Automotive Author:EqualOcean News , Leci Zhang, Yiran Xing Editor:Yiran Xing Jan 08, 2026 11:16 AM (GMT+8)

On the first day of CES 2026, Chinese robotics company AGIBOT (智元机器人) officially released Genie Sim 3.0, the world’s first open-source simulation platform driven by large language models (LLMs), and simultaneously open-sourced a dataset containing tens of thousands of hours of real robot operation scenarios, making it one of the event’s key technical highlights.

Genie Sim 3.0

Built on NVIDIA Isaac Sim, Genie Sim 3.0 integrates 3D reconstruction and visual generation to create digital twin–level, high-fidelity environments. It pioneers an LLM-driven approach that enables the generation of tens of thousands of scenarios within minutes. At the same time, it open-sources a simulation dataset comprising over ten thousand hours of real robot operation scenarios, and establishes a multi-dimensional intelligent evaluation system covering more than 100,000 scenarios, providing a comprehensive profile of model capabilities.

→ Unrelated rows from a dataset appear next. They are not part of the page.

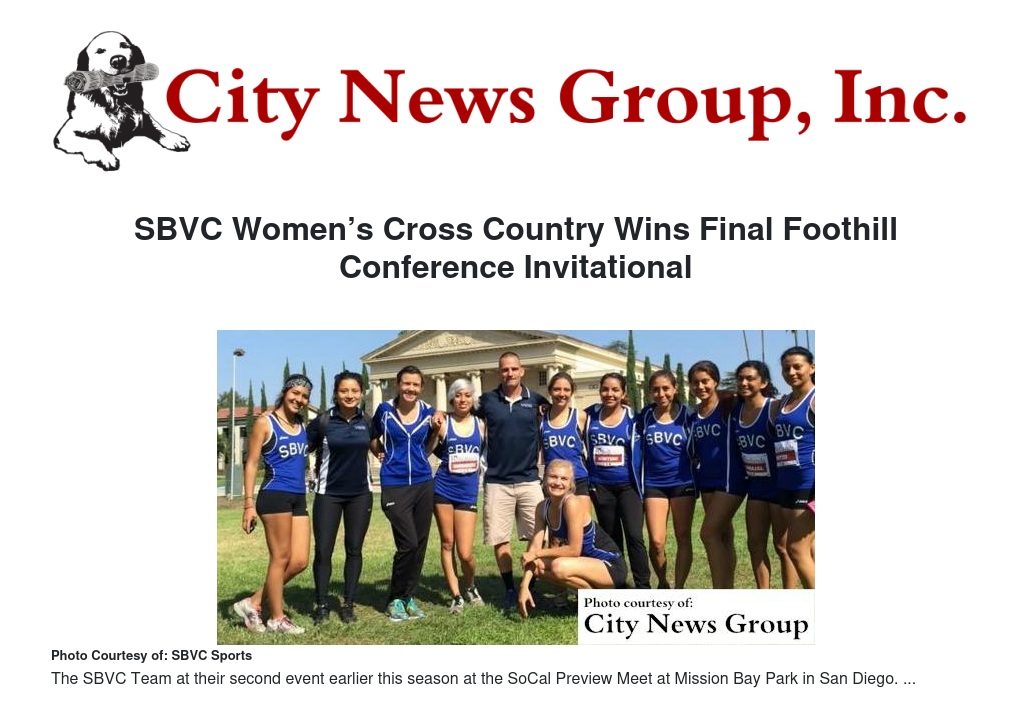 SBVC ran in their fourth event of the 2015 season at the Foothill Conference Invitational at the San Bernardino Soccer Complex, winning the event by scoring 47 points with sophomore Fernanda Rodriguez (Jurupa Valley Rubidoux) leading the way finishing the 5000 meter course in 3rd place with a time of 19:04.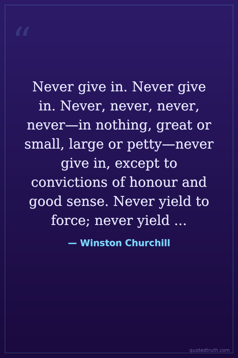 Never give in. Never give in. Never, never, never, never—in nothing, great or small, large or petty—never give in, except to convictions of honour and good sense. Never yield to force; never yield to the apparently overwhelming might of the enemy.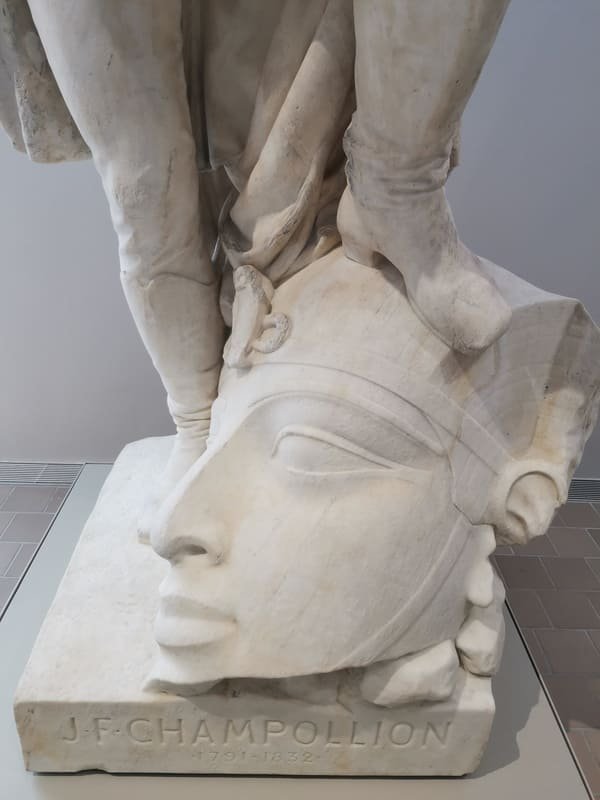 Bartholdi représente Champollion en héros moderne, à la manière d’un Œdipe triomphant : le savant, drapé d’un burnous sur son costume bourgeois, pose le pied sur une tête de sphinx, incarnation de l’énigme enfin résolue. « J’ai voulu rendre Champollion comme Œdipe arrachant au sphinx son secret », écrivait le sculpteur en 1867, explicitant une métaphore qui, à l’époque, allait de soi.

By offering a full closed-loop solution covering digital asset generation, scenario generalisation, data collection and automated evaluation, the platform is expected to significantly accelerate model training and validation, reduce reliance on physical hardware, improve R&D efficiency for developers and researchers, and promote innovative applications in embodied intelligence.

Project homepage: https://agibot-world.com/genie-sim
GitHub: https://github.com/AgibotTech/genie_sim
ModelScope: https://modelscope.cn/datasets/agibot_world/GenieSim3.0-Dataset

Genie Sim 3.0 introduces a new era of embodied simulation through five core highlights.

First, a digital twin–level high-fidelity simulation environment integrates 3D reconstruction, visual generation technologies and physics engines. Using tools such as the MetaCam handheld 3D laser scanner, it achieves millimetre-level replication of real environments. Visual generation models enhance realism, enabling accurate mesh simulation models to be generated from a 60-second surround video, balancing both visual and physical fidelity.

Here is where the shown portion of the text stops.